## TASK GOAL
Keep the pictures out, please, and set down every record exactly.
-*-
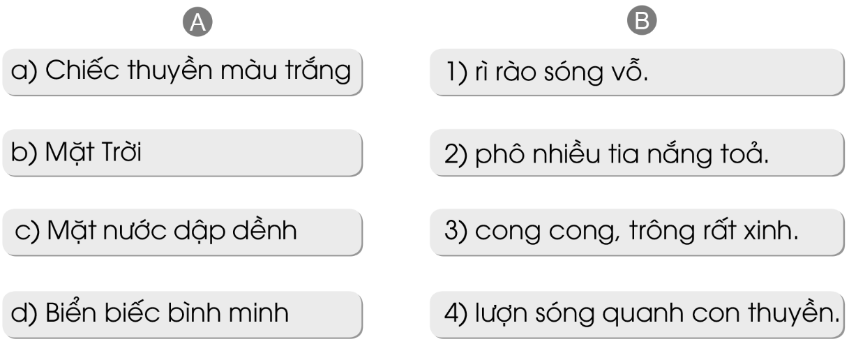 Nối từ ngữ ở bên A với từ ngữ phù hợp ở bên B để miêu tả bức tranh mà cô giáo tạo nên từ những tờ giấy màu.
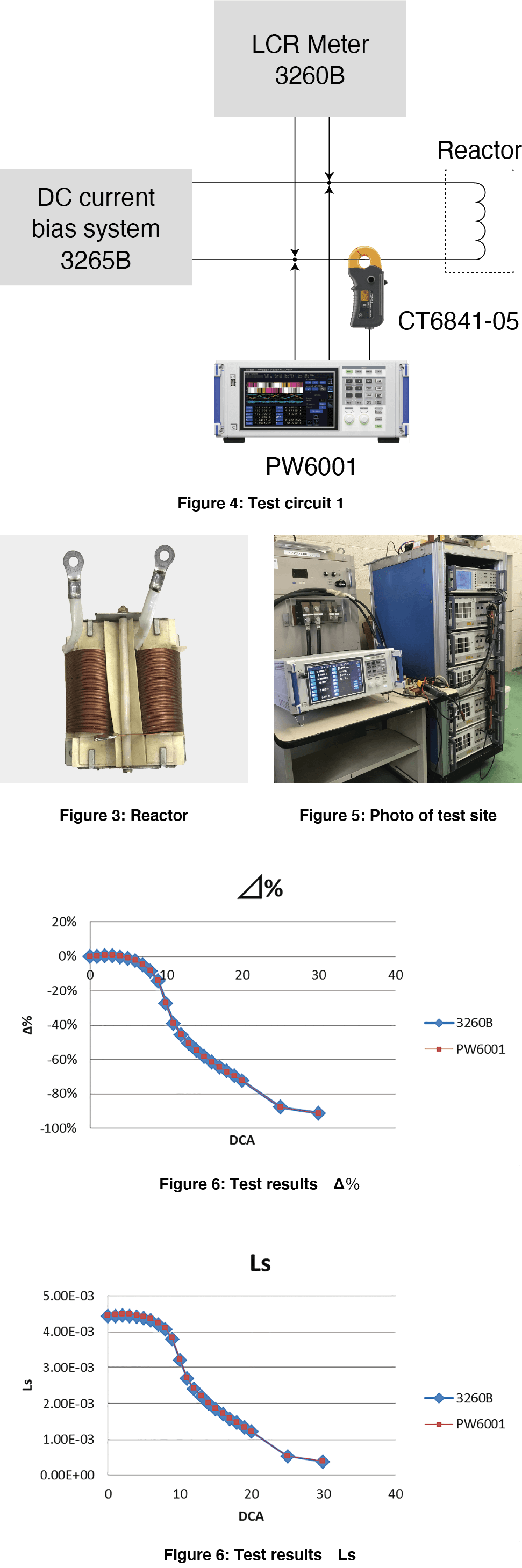We prepared a 4 mH reactor (see Figure 3) and recorded inductance values from 0 A to 30 A with a measurement frequency of 1 kHz using a DC bias testing setup from Wayne Kerr. We also configured a Hioki Power Analyzer PW6001 internally with a formula to calculate inductance values from an LCR meter’s measurement AC voltage and AC current values as superposed on a bias device’s DC current and the measured phase angle value and used the instrument to measure inductance values (see Figures 4 and 5).
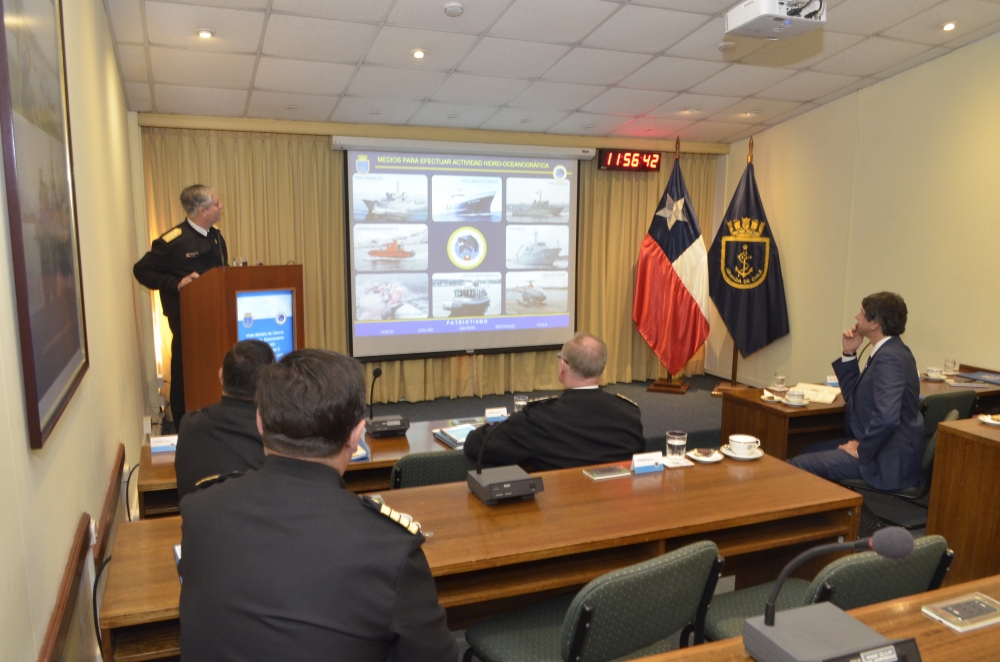Se dio inicio a la visita con una detallada exposición sobre la Hidrografía, Cartografía y Oceanografía, entre otras disciplinas en las cuales el Servicio es el Organismo Técnico, Oficial y Permanente del Estado, realizando especial hincapié en la contribución a la investigación científico-marina, principalmente a través de los Cruceros de Investigación Marina en Áreas Remotas (CIMAR), organizados desde sus inicios en el año 1995, ya sea en históricas plataformas como el Agor “Vidal Gormaz” o el “Abate Molina” hasta el actual Buque Oceanográfico “Cabo de Hornos”; organizados por el Comité Oceanográfico Nacional (CONA), bajo la dependencia del SHOA.
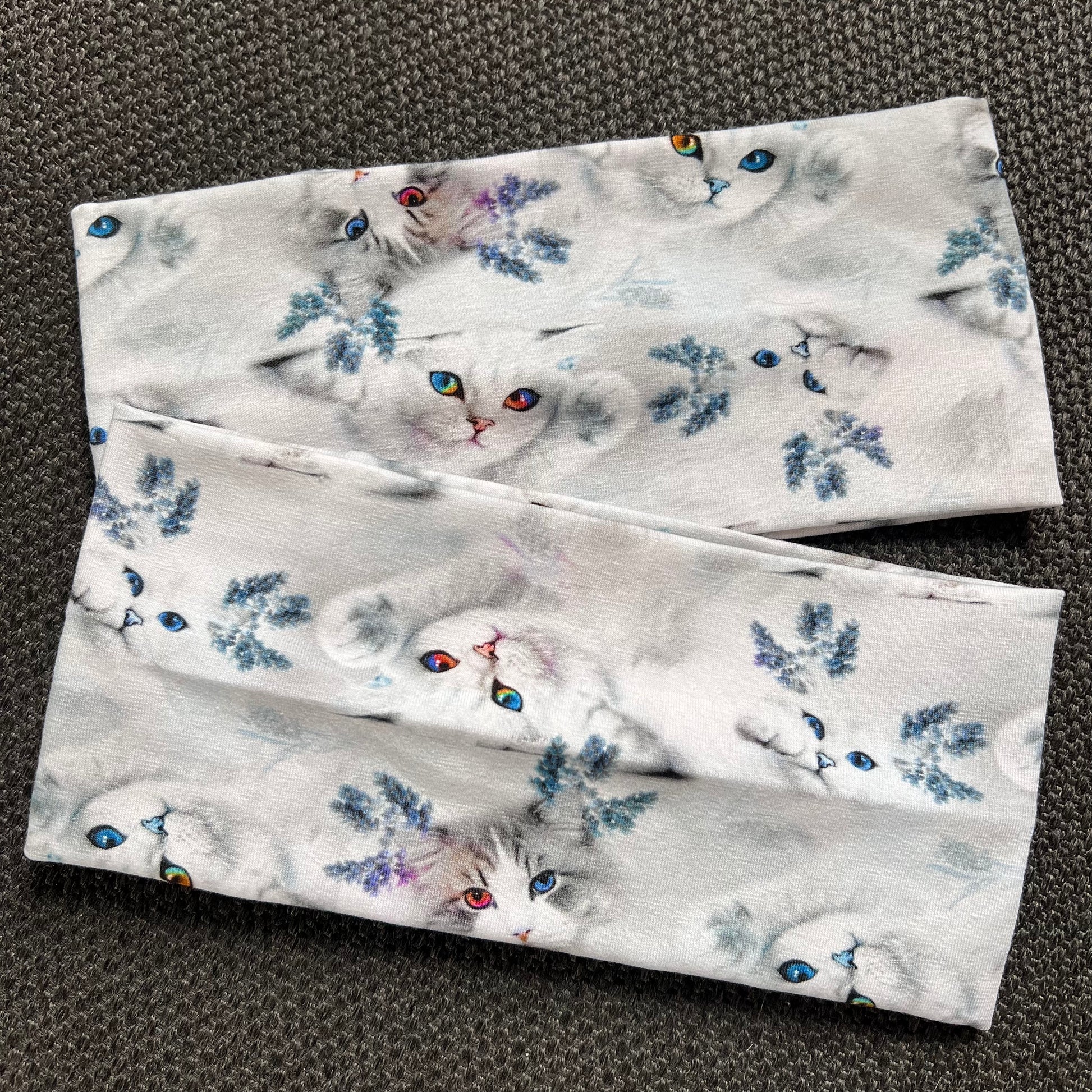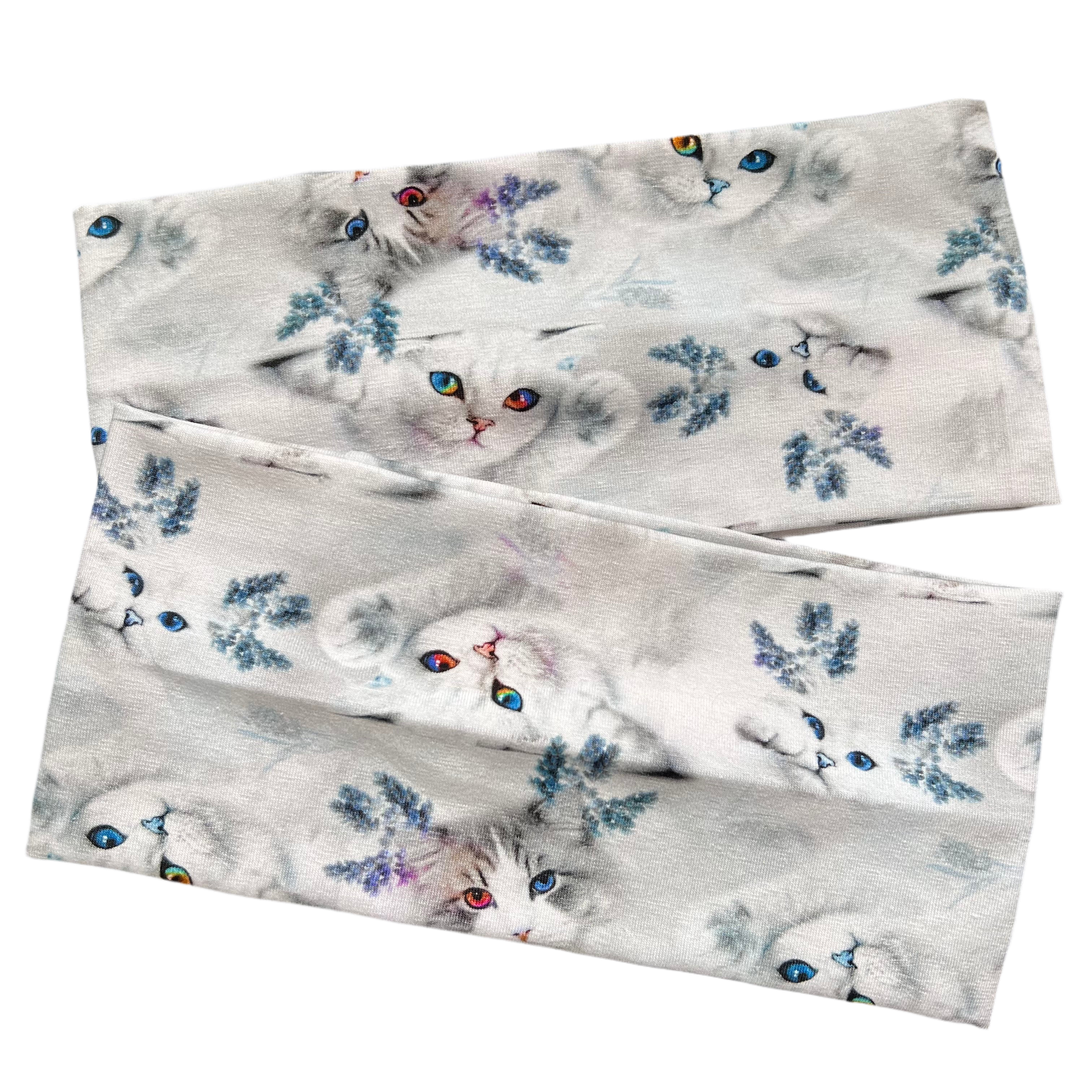 "Lekkert pannebånd med Hvite snøkatter i myk bomull. Elastisk og komfortabelt, ideelt for lek og hverdagsbruk. Kjøp din favoritt i dag!"Komfort, Stil og Beskyttelse for Kjølige Dager
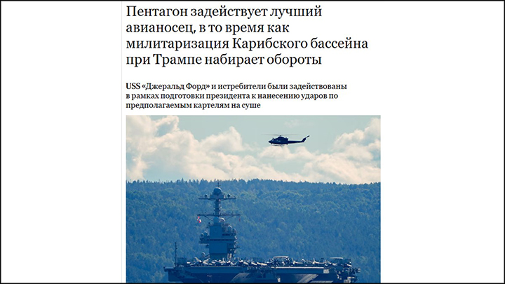 Штаты направили в бассейн Карибского моря самый современный авианосец Пентагона USS Gerald Ford. На его борту находятся несколько десятков истребителей F-35C Lightning II, истребителей-бомбардировщиков F/A-18E/F Super Hornet, а также самолётов-разведчиков. Он прибудет к берегам Венесуэлы в ближайшее время, сообщает британское издание The Guardian.
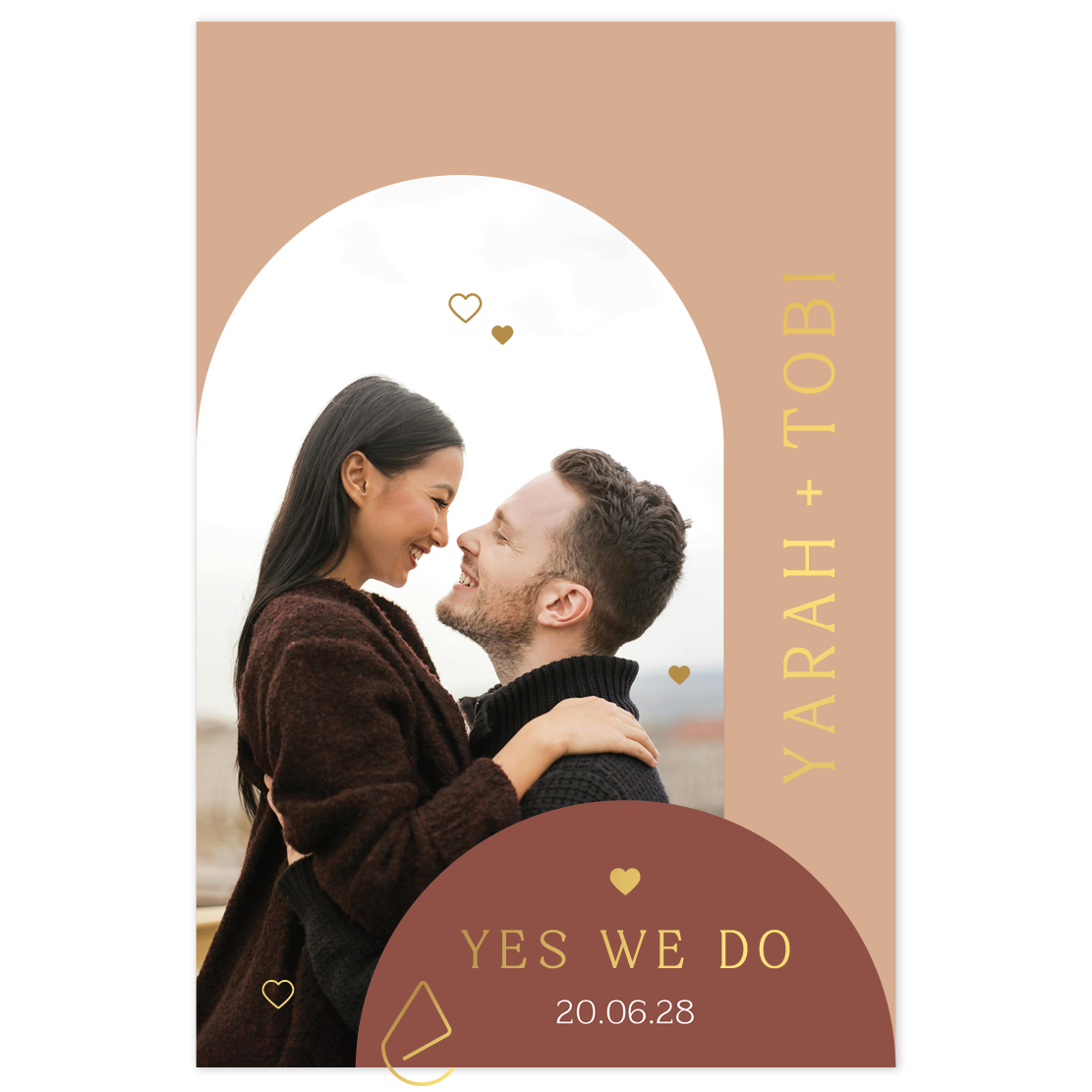 Een moderne stapel trouwkaart in terra tinten met foto en goudfolie. De grootste kaart heeft formaat 11x17 cm en past in een envelop met formaat 12x18 cm. Je kunt de achtergrond, het lettertype en kleuren naar eigen wens aanpassen. Bevestig de kaarten aan elkaar met een leuke paperclip. Hulp nodig bij het ontwerpen? Stuur een berichtje, we helpen je graag verder!
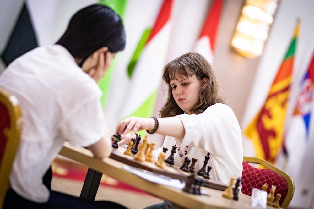 Although she felt slightly nervous in the second game because her position was not good, IM Polina Shuvalova was finally able to put away IM Gulnar Mammadova with a 100% score. After the game, Charlize van Zyl from FIDE interviewed her and asked about her evolution as a player.
-*-
## RESULT FOR THIS TASK
 Nối từ ngữ ở bên A với từ ngữ phù hợp ở bên B để miêu tả bức tranh mà cô giáo tạo nên từ những tờ giấy màu.
We prepared a 4 mH reactor (see Figure 3) and recorded inductance values from 0 A to 30 A with a measurement frequency of 1 kHz using a DC bias testing setup from Wayne Kerr. We also configured a Hioki Power Analyzer PW6001 internally with a formula to calculate inductance values from an LCR meter’s measurement AC voltage and AC current values as superposed on a bias device’s DC current and the measured phase angle value and used the instrument to measure inductance values (see Figures 4 and 5).
Se dio inicio a la visita con una detallada exposición sobre la Hidrografía, Cartografía y Oceanografía, entre otras disciplinas en las cuales el Servicio es el Organismo Técnico, Oficial y Permanente del Estado, realizando especial hincapié en la contribución a la investigación científico-marina, principalmente a través de los Cruceros de Investigación Marina en Áreas Remotas (CIMAR), organizados desde sus inicios en el año 1995, ya sea en históricas plataformas como el Agor “Vidal Gormaz” o el “Abate Molina” hasta el actual Buque Oceanográfico “Cabo de Hornos”; organizados por el Comité Oceanográfico Nacional (CONA), bajo la dependencia del SHOA.
 "Lekkert pannebånd med Hvite snøkatter i myk bomull. Elastisk og komfortabelt, ideelt for lek og hverdagsbruk. Kjøp din favoritt i dag!"Komfort, Stil og Beskyttelse for Kjølige Dager
 Штаты направили в бассейн Карибского моря самый современный авианосец Пентагона USS Gerald Ford. На его борту находятся несколько десятков истребителей F-35C Lightning II, истребителей-бомбардировщиков F/A-18E/F Super Hornet, а также самолётов-разведчиков. Он прибудет к берегам Венесуэлы в ближайшее время, сообщает британское издание The Guardian.
 Een moderne stapel trouwkaart in terra tinten met foto en goudfolie. De grootste kaart heeft formaat 11x17 cm en past in een envelop met formaat 12x18 cm. Je kunt de achtergrond, het lettertype en kleuren naar eigen wens aanpassen. Bevestig de kaarten aan elkaar met een leuke paperclip. Hulp nodig bij het ontwerpen? Stuur een berichtje, we helpen je graag verder!
 Although she felt slightly nervous in the second game because her position was not good, IM Polina Shuvalova was finally able to put away IM Gulnar Mammadova with a 100% score. After the game, Charlize van Zyl from FIDE interviewed her and asked about her evolution as a player.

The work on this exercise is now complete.